Goudouss Bamba

Personal information
- Date of birth: 7 October 2005 (age 20)
- Place of birth: Cote d'Ivoire
- Height: 1.77 m (5 ft 10 in)
- Position: Right back

Team information
- Current team: Ilves
- Number: 19

Senior career*
- Years: Team / Apps / (Gls)
- 2023–2026: San Pédro
- 2026–: Ilves / 9 / (1)

International career^{‡}
- 2024–: Cote d'Ivoire U20
- 2026–: Cote d'Ivoire U23

= Goudouss Bamba =

Ivorian footballer (born 2008)

Goudouss Bamba (born 7 October 2005) is an Ivorian professional footballer who plays as a defender for Finnish Veikkausliiga club Ilves.

== Club career ==
=== FC San Pédro ===
Bamba began his senior professional career in the Ivorian Ligue 1 with FC San Pédro.
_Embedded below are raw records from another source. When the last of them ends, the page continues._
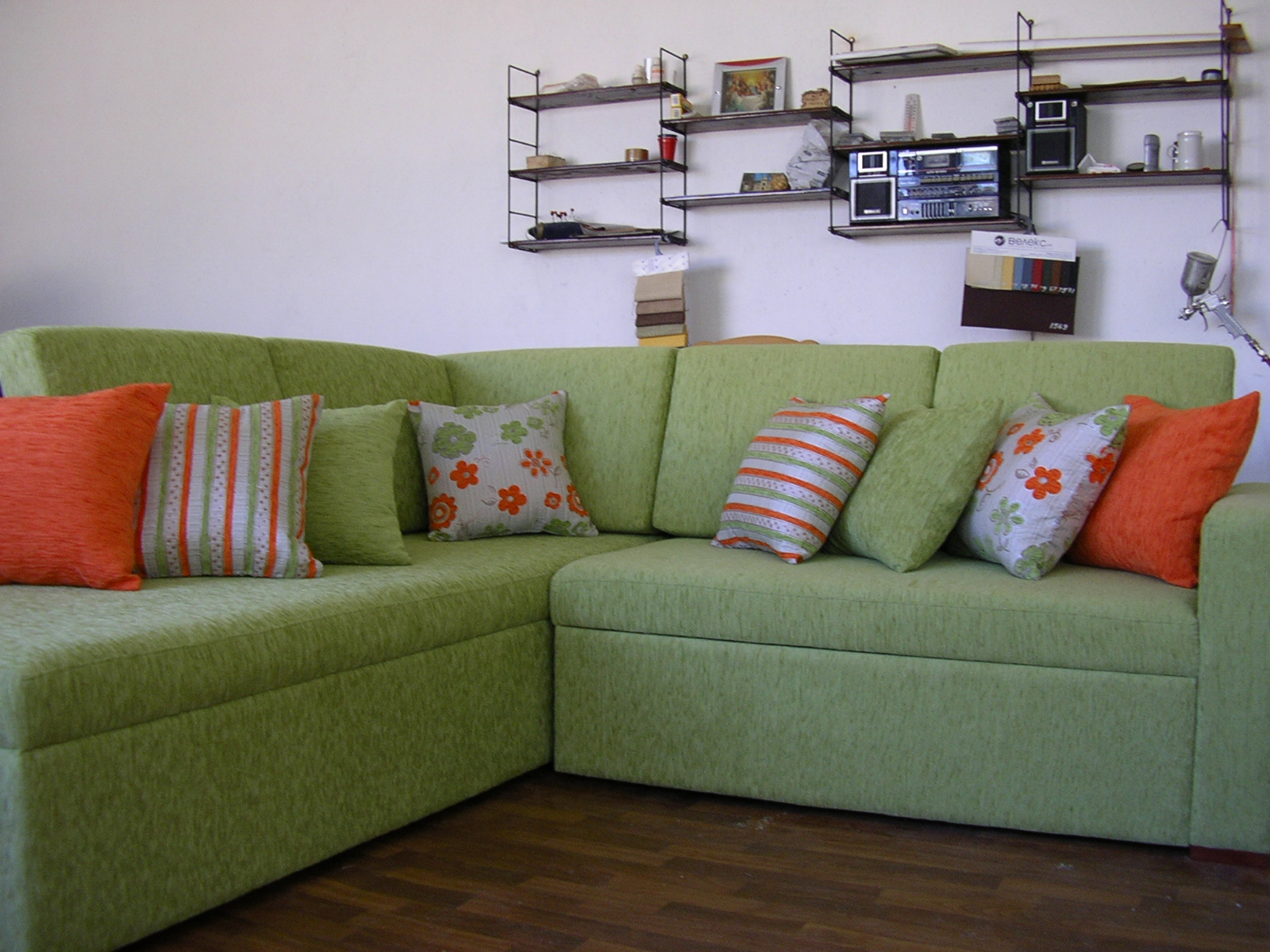 Ъглова холна гарнитура изработена по поръчка с материали на клиента.Едната част на дивана е с разтегателен механизъм за спане.Възглавниците са подвижни,събличащи се с цип за по-лесно сваляне на калъфите и пране.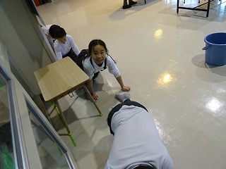 全校水ぶきでランチルームやげた箱・玄関をそうじしました。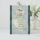 Small RSVP card matches the set. Celebrate your wedding in an artful and unique peacock theme with this beautiful wedding invitation and matching accessory set. Features stylish, rich and luxurious artwork of a peacock feather detail in colours of cobalt blue, teal and celadon light green. Background in dark aqua blue with an antique wash and swirly design. © 2010 www.CustomInvitesOnline.com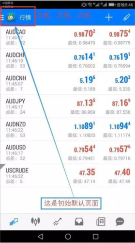 2、进入之后,能够看到这是最初的默认页面。如下图所示点击左上角行情,点那里就能够登录交往账户了;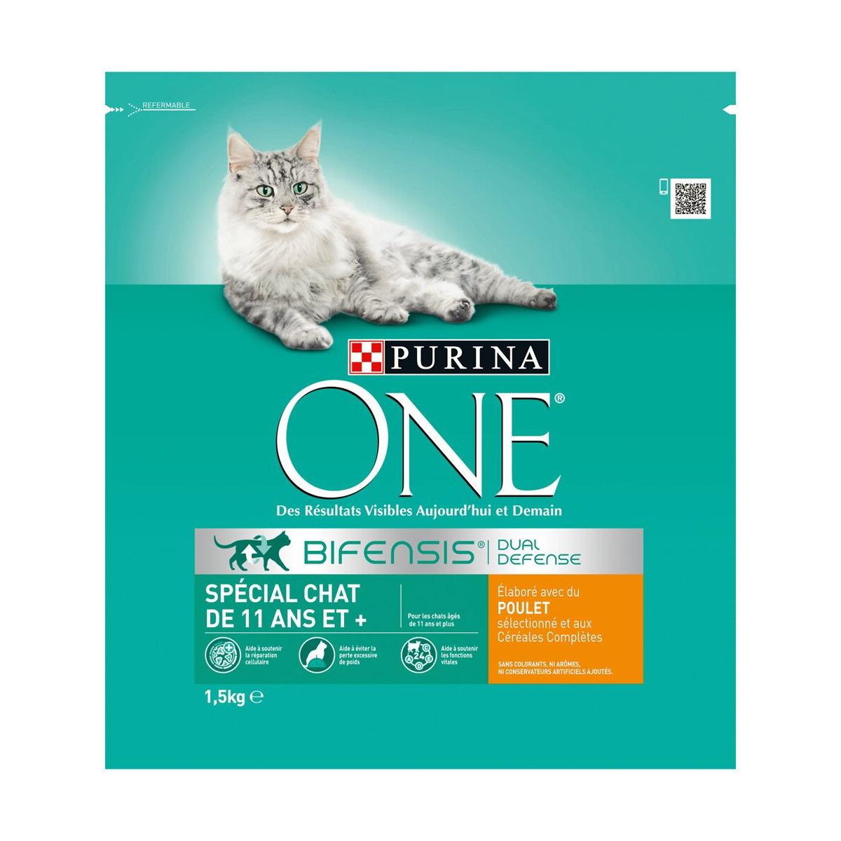 PURINA ONE Chat de 11 ans et + - au Poulet et aux Céréales Complètes - 1,5kg - Croquettes pour chat âgé de 11 ans et plus PURINA ONE Spécial Chat de 11 ans et plus est spécialement formulé pour répondre aux besoins nutritionnels des chats âgés de 11 ans et plus. Aide à soutenir la réparation cellulaire grâce aux vitamines E et C.Spécifications techniques

During the 2024–25 season, he established himself as a regular starter, making 33 appearances with full playing minutes and representing the club in continental CAF Champions League fixtures.

=== Ilves ===
On 26 January 2026, Bamba signed a 3+1 year contract with Finnish Veikkausliiga side Ilves, amid interest from several European and African clubs. He scored his first professional goal for the club in a league match against FC Inter in May 2026.

== International career ==
Bamba has represented the Ivory Coast at various youth international levels. He made his debut for the Ivory Coast national under-20 team in 2024, later serving as the team's captain across 12 international appearances. In May 2026, he received a call-up to the Ivory Coast under-23 national team for international fixtures.